- [Exercise brief]:
Starting with the line that has "当问到Ivanka对家的最初" in the records below and stopping after the line that has "Elegant Large Funeral", output every line exactly and nothing else; skip pictures.

- [Material for this task]:
◇ ◇ ◇ ◇ ◇ ◇ ◇
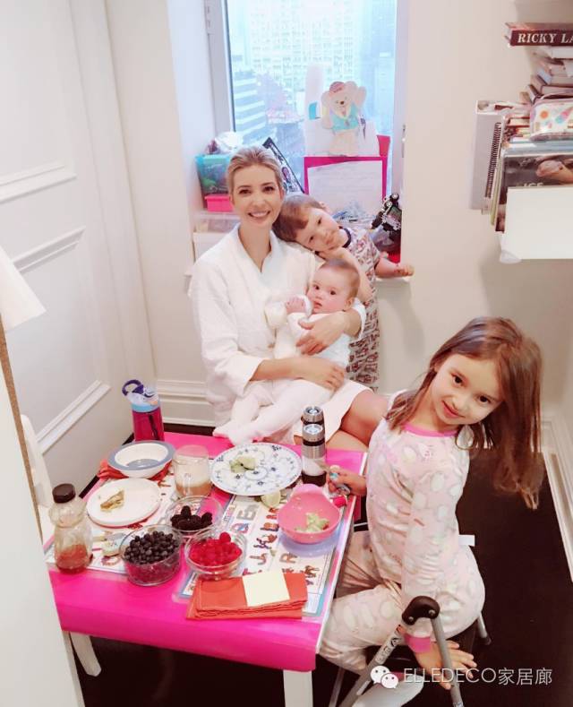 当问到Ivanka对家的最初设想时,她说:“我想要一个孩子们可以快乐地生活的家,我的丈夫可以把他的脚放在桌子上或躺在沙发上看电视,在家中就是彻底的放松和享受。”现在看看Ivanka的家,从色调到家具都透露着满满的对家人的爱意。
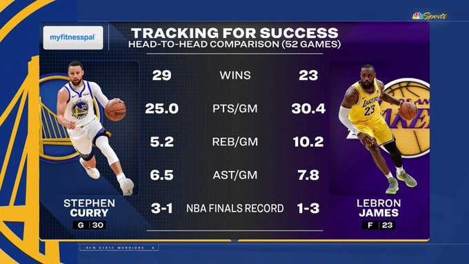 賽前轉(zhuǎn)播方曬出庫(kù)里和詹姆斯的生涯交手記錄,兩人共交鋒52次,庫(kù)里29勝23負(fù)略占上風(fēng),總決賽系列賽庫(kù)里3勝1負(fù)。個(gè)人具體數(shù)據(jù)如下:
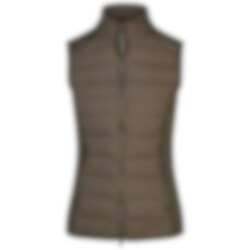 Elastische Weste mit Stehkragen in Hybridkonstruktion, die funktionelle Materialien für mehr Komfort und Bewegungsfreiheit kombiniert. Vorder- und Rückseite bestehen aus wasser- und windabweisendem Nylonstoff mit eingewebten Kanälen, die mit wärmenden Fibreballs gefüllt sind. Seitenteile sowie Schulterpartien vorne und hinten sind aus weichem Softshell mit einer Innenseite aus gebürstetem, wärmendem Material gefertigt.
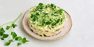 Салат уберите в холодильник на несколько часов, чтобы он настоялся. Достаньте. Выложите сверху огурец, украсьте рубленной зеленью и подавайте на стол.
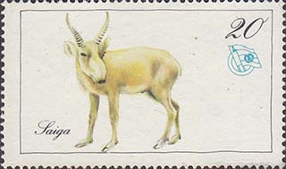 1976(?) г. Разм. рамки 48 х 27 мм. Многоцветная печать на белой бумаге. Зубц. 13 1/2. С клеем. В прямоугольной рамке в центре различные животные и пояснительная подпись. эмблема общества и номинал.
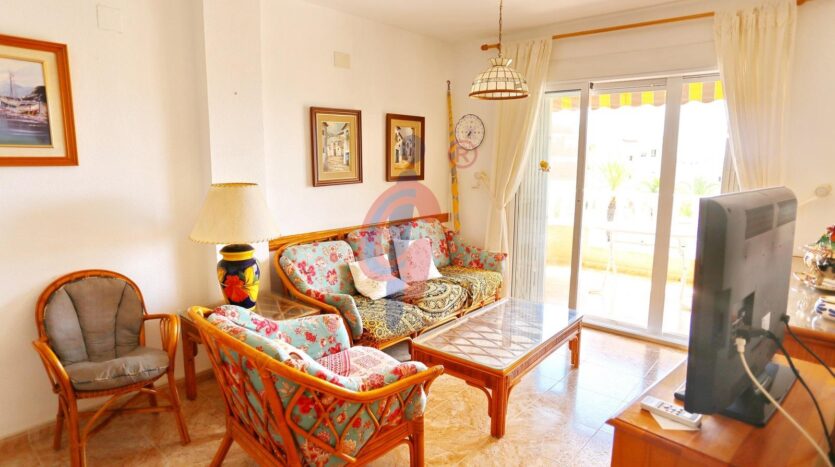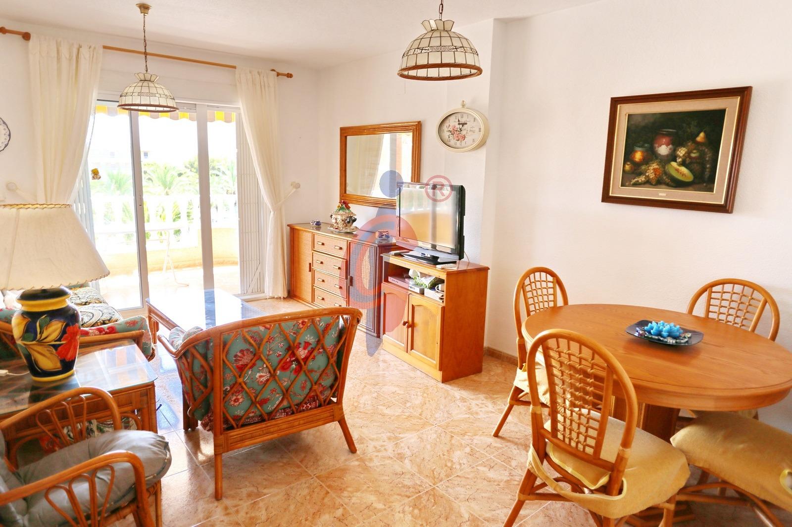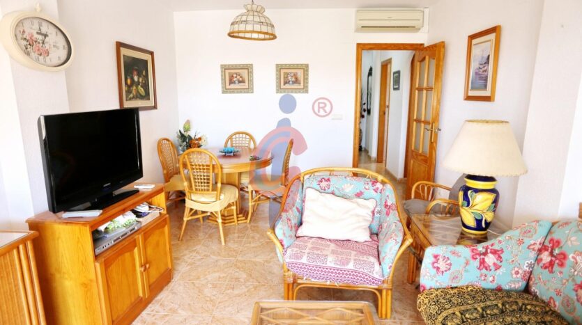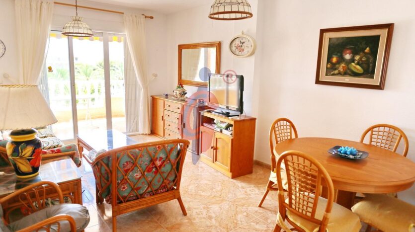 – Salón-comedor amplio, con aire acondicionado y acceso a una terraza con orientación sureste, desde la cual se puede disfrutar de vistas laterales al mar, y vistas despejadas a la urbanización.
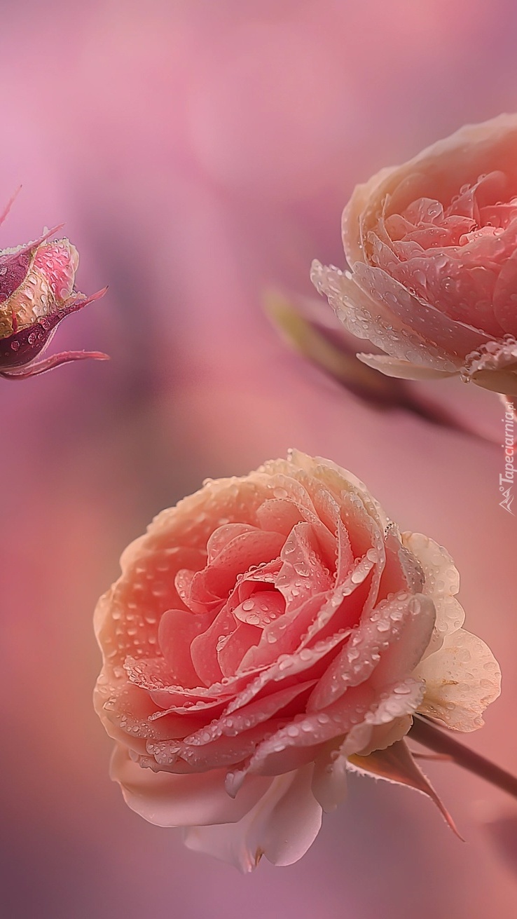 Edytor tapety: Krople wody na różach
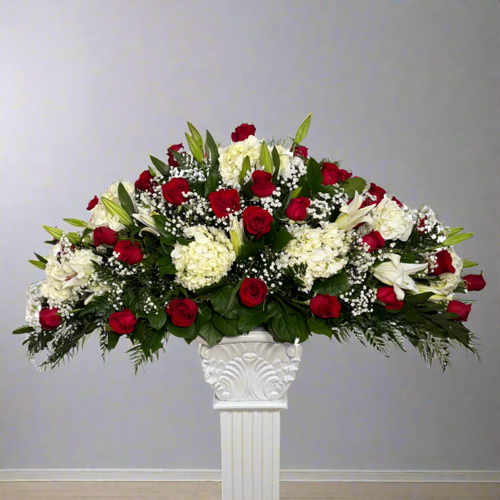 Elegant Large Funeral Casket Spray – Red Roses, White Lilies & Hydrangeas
◇ ◇ ◇ ◇ ◇ ◇ ◇
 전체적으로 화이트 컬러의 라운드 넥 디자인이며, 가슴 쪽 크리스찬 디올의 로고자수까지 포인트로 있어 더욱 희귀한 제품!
◇ ◇ ◇ ◇ ◇ ◇ ◇
- [Answer box]:
 当问到Ivanka对家的最初设想时,她说:“我想要一个孩子们可以快乐地生活的家,我的丈夫可以把他的脚放在桌子上或躺在沙发上看电视,在家中就是彻底的放松和享受。”现在看看Ivanka的家,从色调到家具都透露着满满的对家人的爱意。
 賽前轉(zhuǎn)播方曬出庫(kù)里和詹姆斯的生涯交手記錄,兩人共交鋒52次,庫(kù)里29勝23負(fù)略占上風(fēng),總決賽系列賽庫(kù)里3勝1負(fù)。個(gè)人具體數(shù)據(jù)如下:
 Elastische Weste mit Stehkragen in Hybridkonstruktion, die funktionelle Materialien für mehr Komfort und Bewegungsfreiheit kombiniert. Vorder- und Rückseite bestehen aus wasser- und windabweisendem Nylonstoff mit eingewebten Kanälen, die mit wärmenden Fibreballs gefüllt sind. Seitenteile sowie Schulterpartien vorne und hinten sind aus weichem Softshell mit einer Innenseite aus gebürstetem, wärmendem Material gefertigt.
 Салат уберите в холодильник на несколько часов, чтобы он настоялся. Достаньте. Выложите сверху огурец, украсьте рубленной зеленью и подавайте на стол.
 1976(?) г. Разм. рамки 48 х 27 мм. Многоцветная печать на белой бумаге. Зубц. 13 1/2. С клеем. В прямоугольной рамке в центре различные животные и пояснительная подпись. эмблема общества и номинал.
 – Salón-comedor amplio, con aire acondicionado y acceso a una terraza con orientación sureste, desde la cual se puede disfrutar de vistas laterales al mar, y vistas despejadas a la urbanización.
 Edytor tapety: Krople wody na różach
 Elegant Large Funeral Casket Spray – Red Roses, White Lilies & Hydrangeas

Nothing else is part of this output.